Дневник секретаря Льва Толстого (Булгаков) - страница 40

К чаю вышел мрачный и, не помню почему, сказал, что на свете жить тяжело.

– Тебе-то почему тяжело? – спросила Софья Андреевна. – Все тебя любят.

– Еще как тяжело-то! – возразил Л.Н. – Отчего же мне не тяжело-то может быть? Оттого, что кушанья хорошие, что ли?

– Да нет, я говорю, что тебя все любят.

– Я думаю, – снова возразил Л.Н., – что всякий думает: проклятый старикашка, говорит одно, а делает другое и живет иначе, пора тебе подохнуть, будет фарисействовать-то! И это совершенно справедливо. Я часто такие письма получаю, и это – мои друзья, кто мне так пишет. Они правы. Я вот каждый день выхожу на улицу: стоят пять оборванных нищих, а я сажусь верхом на лошадь и еду, и за мной кучер!..

Молоствов (очень простой и добрый человек) принялся утешать Л.Н., но перестал, видимо, чувствуя, что тут дело не в утешениях.

Вечером, читая одно из написанных мною писем с более или менее резкими, прямыми выражениями о правительстве, о церковном суеверии и т. п.
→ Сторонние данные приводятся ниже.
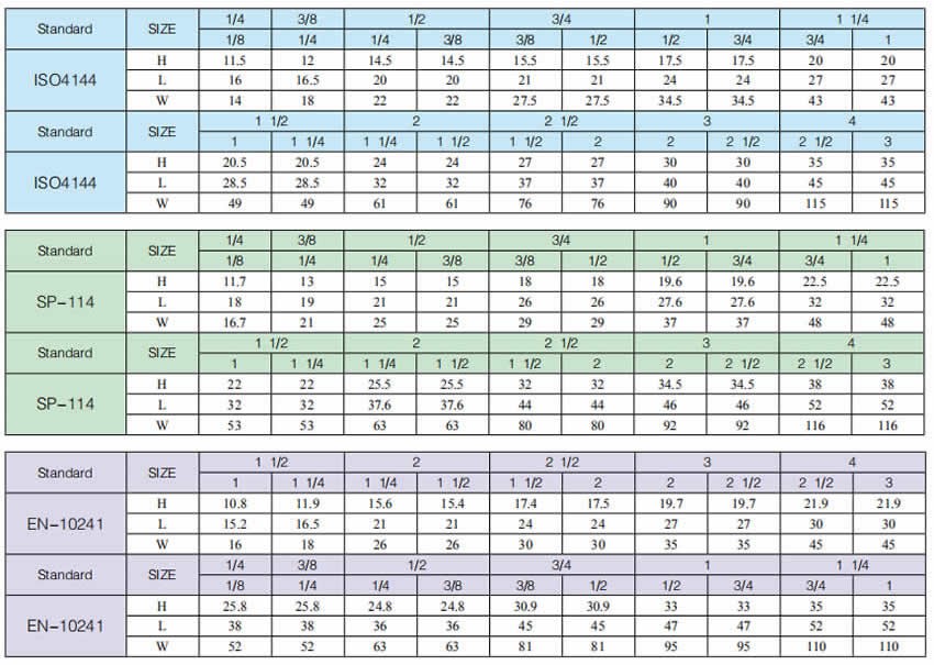 ابعاد مطابق با | Iso4144، Sp114، En-10241، Jis |

Л.Н. проговорил:

– Ой-ой-ой! Вам за это плохо может быть. Как вы не боитесь? И матери может быть неприятно.

Я указал, что письмо закрытое.

Л.Н. закончил сегодня составлять общий план всех тридцати книжек из «На каждый день». Я подготовил для него книжку «Соблазн тщеславия», послал много писем и, между прочим, пять денежных пакетов на сумму шестьдесят рублей. Деньги эти посылаются в тюрьмы его единомышленникам. Л.Н. посылает им рублей по пяти в месяц. Теперь посылалось за два месяца шести лицам. Помогает он и родственникам некоторых из них.
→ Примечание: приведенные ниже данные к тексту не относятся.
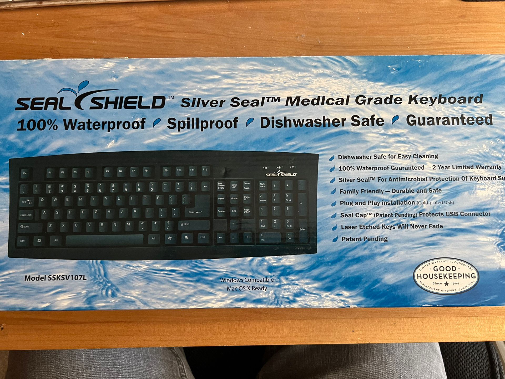 USB Keyboard that can he sanitized in dishwasher. Completely waterproof safe from spills crumbs Pick up in Plum Canyon area of Santa Clarita. By with some of my other items for a discount.

Происхождение этих денег таково: они составляют гонорар Толстого за представление его пьес «Власть тьмы» и «Плоды просвещения» в императорских театрах. Первоначально Л.Н. хотел отказаться от этого гонорара, но его предупредили, что в таком случае деньги будут употреблены на усиление и развитие казенного балета. Тогда Толстой решил не отказываться от этих «театральных» денег. Сумма гонорара достигает двух или трех тысяч рублей в год, и все эти деньги идут на помощь лицам, сидящим в тюрьмах, крестьянам-погорельцам и другим нуждающимся.


22 февраля

Утром Л.Н. опять показывал браминское доказательство Пифагоровой теоремы Белинькому и Молоствову. За обедом говорили о подвигах собаки-сыщика Трефа, о которых трубят московские газеты[11], о громком деле Тарновской[12], почему-то о страховых обществах. Л.Н. больше, как и обыкновенно во время таких разговоров, молчал и, только узнав, что страхование жизни возможно лишь до известного возраста, заметил:

– Наш брат, значит, совсем никуда не годится!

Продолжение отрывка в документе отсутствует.